Loyear: Formal resilience programs are even better, of course. Any time executives give thought to the concepts of risk management and making the enterprise more nimble and better adapted to deal with risk and change, they are automatically making themselves more flexible and better prepared. It’s a virtuous cycle that having a formal program steadily improves by having regular, documented reviews of the overall enterprise risk environment.

If you are working with a formal ERM program, even better, because you will be revisiting the topics in a measured way and ensuring you keep focus on that goal of always being aware of the risk situation. Risk management helps you also by giving you the opportunity to also revisit your tolerance levels to see if they have changed as the risk environment evolves.


Skroupa: What should executives and boards be asking about and be expecting to see from a resilience program that is managed through ERM principles?

Loyear: There are two places where executives and boards need to ensure they are getting what they need in a resilience program managed with ERM principles. The first is program development; the second is ongoing management.

Initially, in program development, the resilience program leader must be intimately familiar with the entire enterprise; needs to partner closely with all of the business leaders; needs to understand what the overall business mission and goals are; and needs to be able to communicate well enough and work well enough across all lines of business to determine the assets, programs, processes, and functions that are critical to ensuring the resilience of the organization in the face of risk and change.

That foundation of awareness and strategic partnership across the enterprise is the bedrock of what executives need to look for in the person developing the risk-based resilience program. ERM cannot be done in a vacuum. It’s not the job of the risk manager to decide alone what’s important, what’s not, and what risks need to be treated or can be accepted. That can only be decided by business leadership—the real “owners” of risk. The attitude of the risk manager, of knowing that the role of managing risk is in ensuring the business can make educated risk decisions on tolerance and response, and knowing the role is not in forcing the business to eliminate risk just because it exists, is paramount. I could talk for hours on how critical this is, but this is meant to be a short interview.

Once a resilience program is up and running within the tolerances set by the business, executives need to look for two things. First, regular reporting to executives and the board on whether risks are being managed within the set tolerances. This is not a lengthy or involved report. Many risk managers want to prove their usefulness by overwhelming leadership with registries of hundreds of risks they are tracking and mitigating. That’s not useful for senior leadership. Pick five to ten of the critical risks, make sure the executives agree on the tolerance, and regularly report if those tolerances are still “in the green” or if circumstances might be pushing against tolerance and need to be adjusted.

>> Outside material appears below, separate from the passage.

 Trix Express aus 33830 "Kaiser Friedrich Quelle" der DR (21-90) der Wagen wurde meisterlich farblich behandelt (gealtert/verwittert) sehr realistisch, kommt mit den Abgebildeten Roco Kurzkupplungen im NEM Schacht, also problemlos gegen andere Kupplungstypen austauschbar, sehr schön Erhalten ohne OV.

The second thing to look for from an executive level is regular risk forecasts. What are the new risks on the horizon? Do they need to be examined? Do they need to be treated? Most of all, do they need to be added to the top five to ten risks that are reported on regularly?

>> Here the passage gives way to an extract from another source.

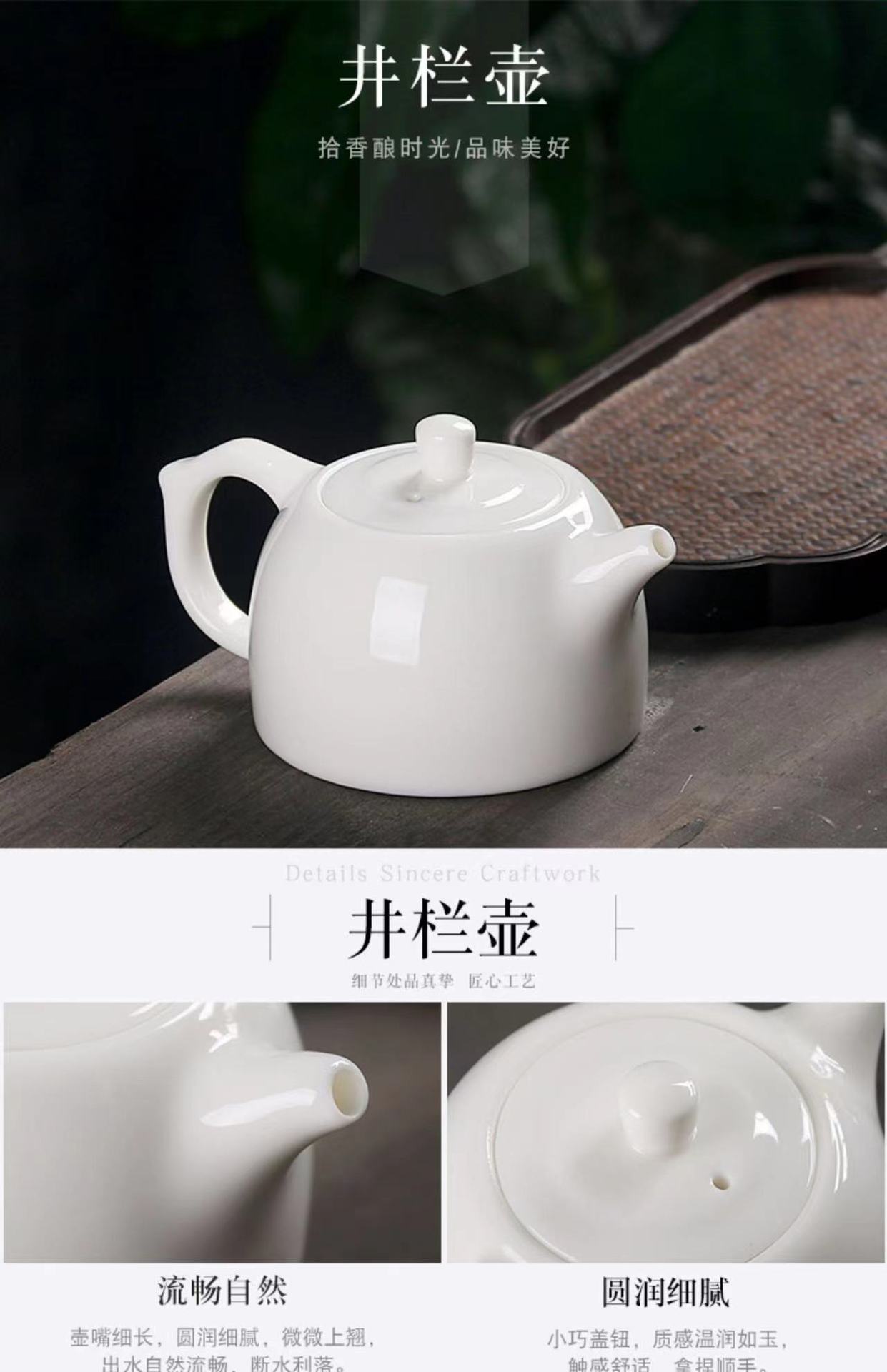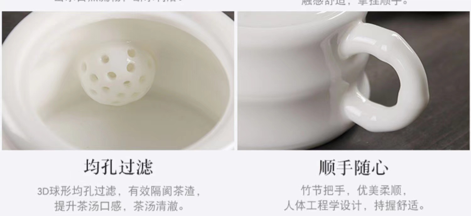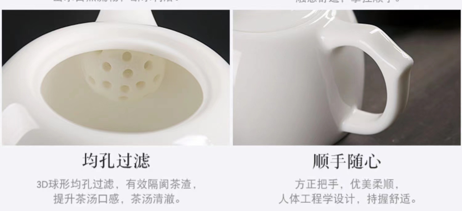 - Ấm trà sứ Xishi, bộ lọc trà bằng gốm sứ cao cấp Dehua Sheep Fat Jade, có lỗ lọc bi, ấm đơn, phong cách Kung Fu.

From an executive and board perspective, that’s really all to look for. The ERM program will, of course, have much more going on at the operational level, but those details can be left to a competent risk team and their strategic partners in the business. The board needs the big picture. The key risks and their status plus risk horizon. Those things will enable the enterprise to understand the business risk environment and to respond resiliently when any of those identified risks—or even surprise risks—appear and impact the organization they are responsible for.
Christopher P. Skroupa is the founder and CEO of Skytop Strategies, a global organizer of conferences.